(Data records)
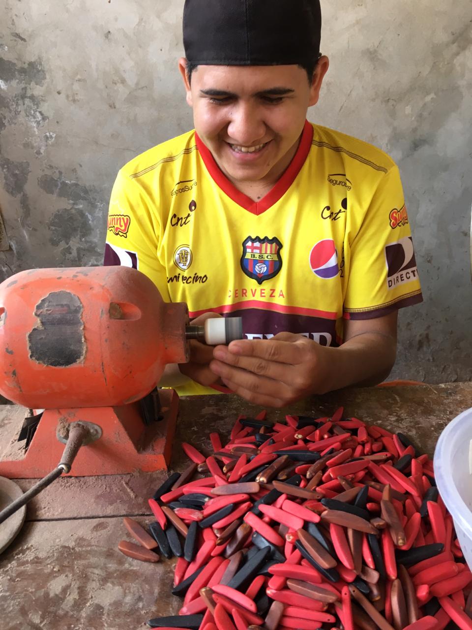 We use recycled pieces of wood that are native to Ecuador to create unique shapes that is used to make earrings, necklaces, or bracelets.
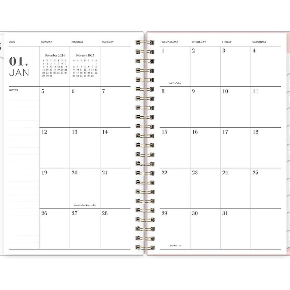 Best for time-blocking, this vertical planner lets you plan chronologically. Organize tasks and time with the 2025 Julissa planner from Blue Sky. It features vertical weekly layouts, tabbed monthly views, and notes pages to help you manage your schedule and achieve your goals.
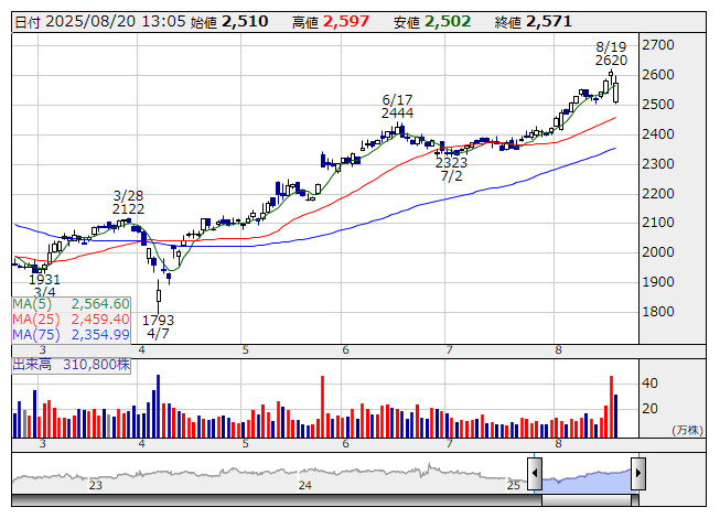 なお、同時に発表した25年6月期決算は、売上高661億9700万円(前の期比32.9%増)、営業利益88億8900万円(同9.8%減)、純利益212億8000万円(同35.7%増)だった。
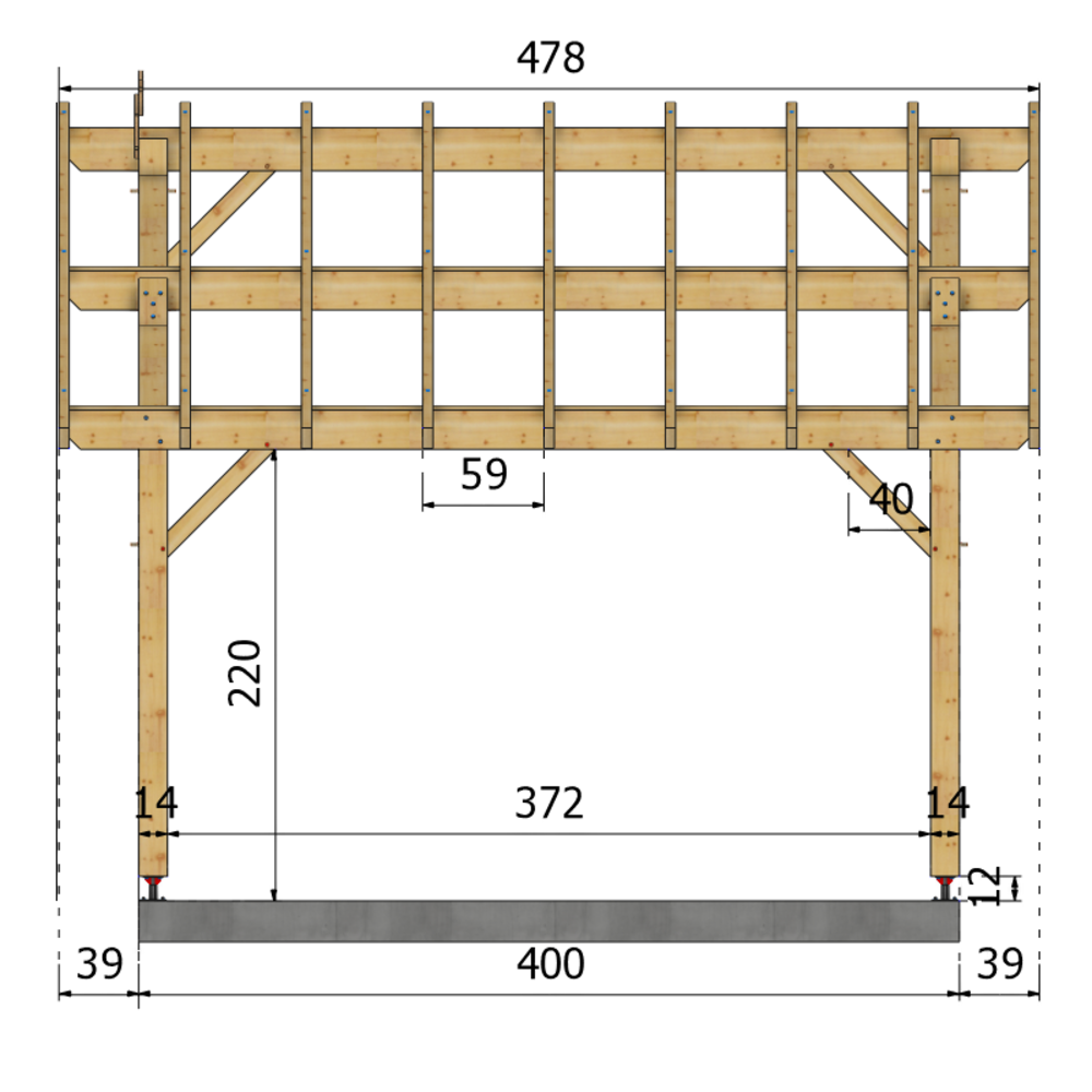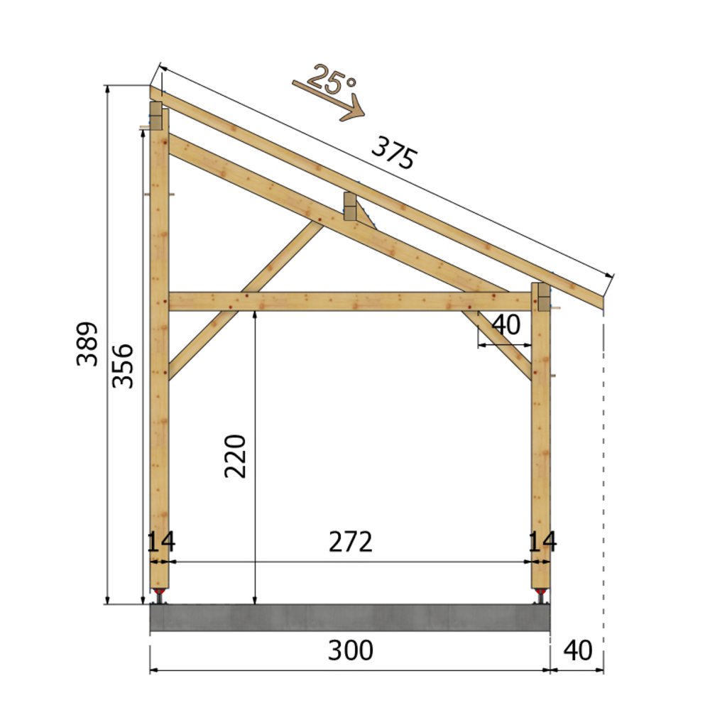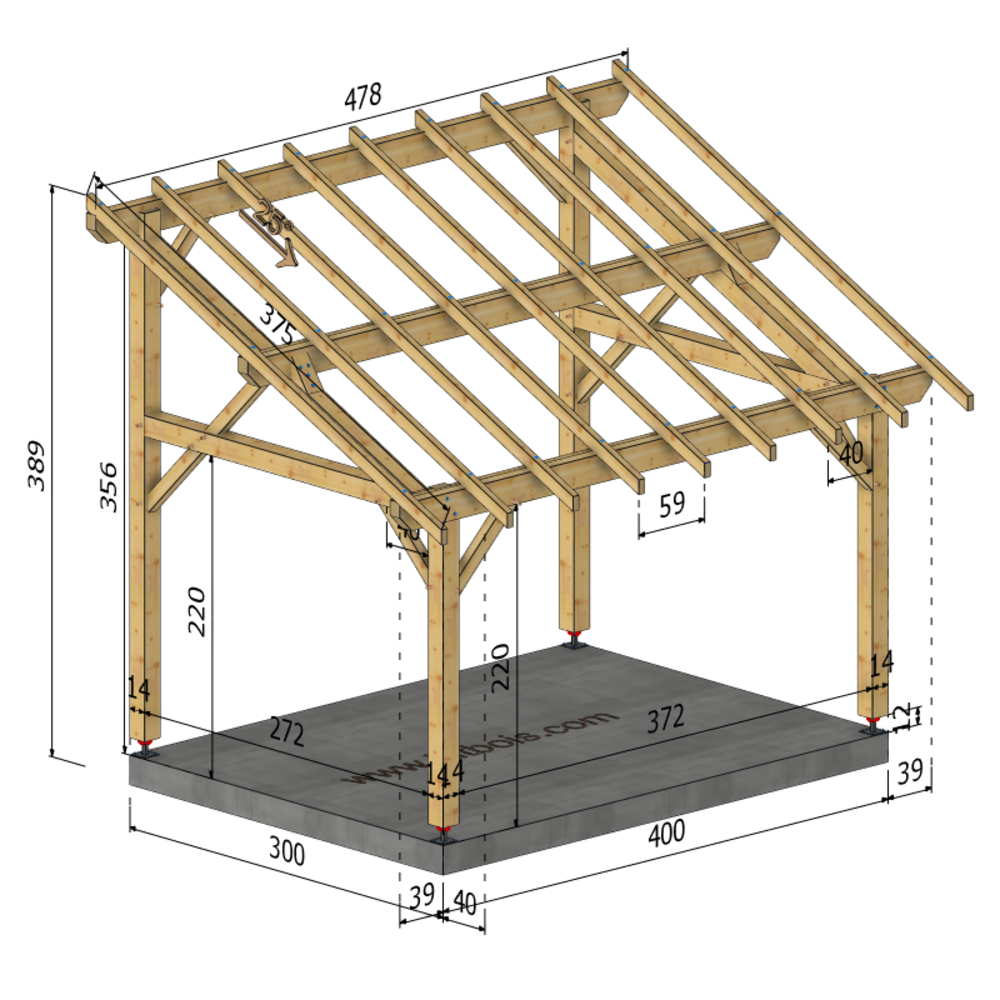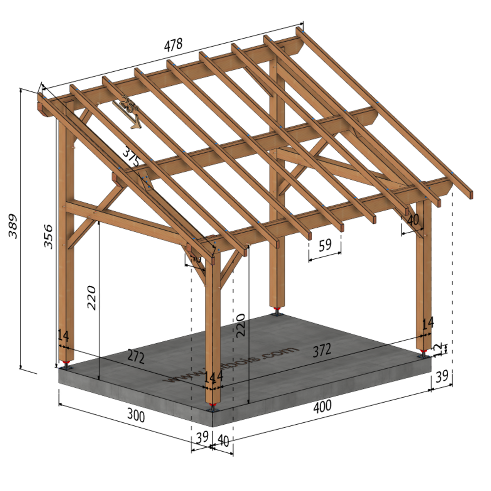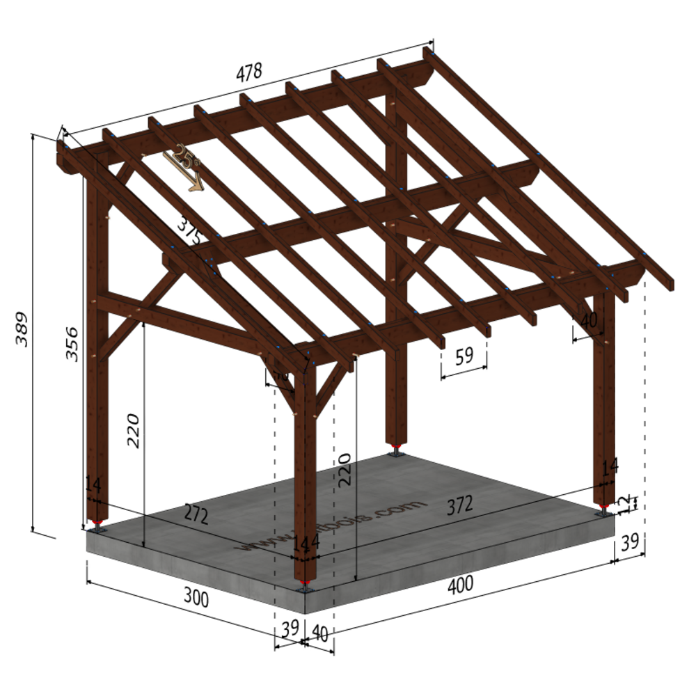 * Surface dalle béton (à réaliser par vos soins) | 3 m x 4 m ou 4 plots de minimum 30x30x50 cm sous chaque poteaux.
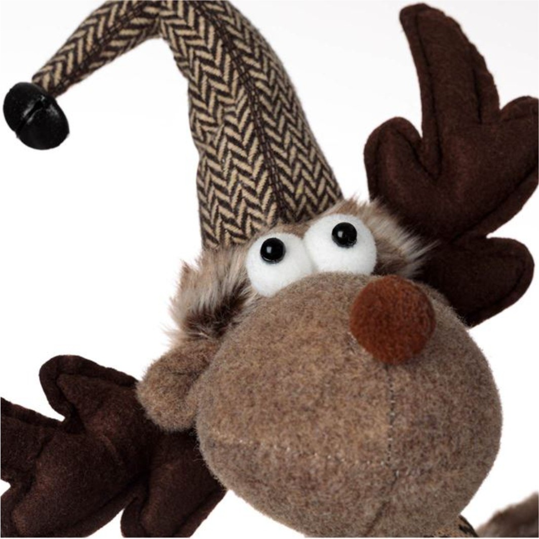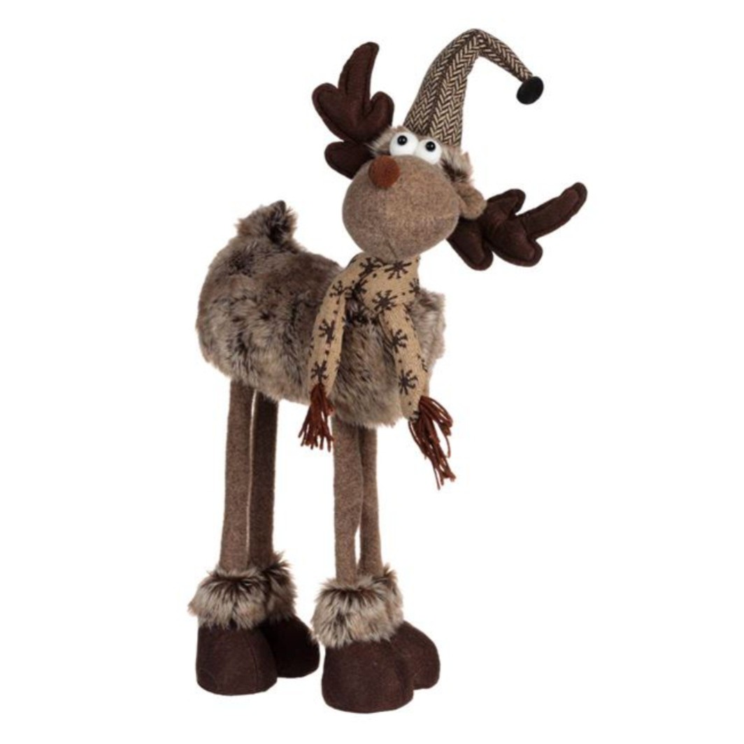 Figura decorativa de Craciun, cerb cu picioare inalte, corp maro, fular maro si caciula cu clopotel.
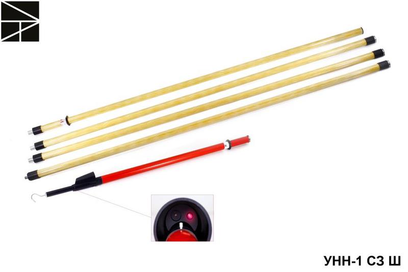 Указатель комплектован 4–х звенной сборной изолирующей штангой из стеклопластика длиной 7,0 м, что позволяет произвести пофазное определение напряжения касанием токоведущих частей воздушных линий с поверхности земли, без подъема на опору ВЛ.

» WHAT NEEDS TO BE DONE: The data above should be repeated exactly, minus any pictures.

» ANSWER SECTION:
 We use recycled pieces of wood that are native to Ecuador to create unique shapes that is used to make earrings, necklaces, or bracelets.
 Best for time-blocking, this vertical planner lets you plan chronologically. Organize tasks and time with the 2025 Julissa planner from Blue Sky. It features vertical weekly layouts, tabbed monthly views, and notes pages to help you manage your schedule and achieve your goals.
 なお、同時に発表した25年6月期決算は、売上高661億9700万円(前の期比32.9%増)、営業利益88億8900万円(同9.8%減)、純利益212億8000万円(同35.7%増)だった。
 * Surface dalle béton (à réaliser par vos soins) | 3 m x 4 m ou 4 plots de minimum 30x30x50 cm sous chaque poteaux.
 Figura decorativa de Craciun, cerb cu picioare inalte, corp maro, fular maro si caciula cu clopotel.
 Указатель комплектован 4–х звенной сборной изолирующей штангой из стеклопластика длиной 7,0 м, что позволяет произвести пофазное определение напряжения касанием токоведущих частей воздушных линий с поверхности земли, без подъема на опору ВЛ.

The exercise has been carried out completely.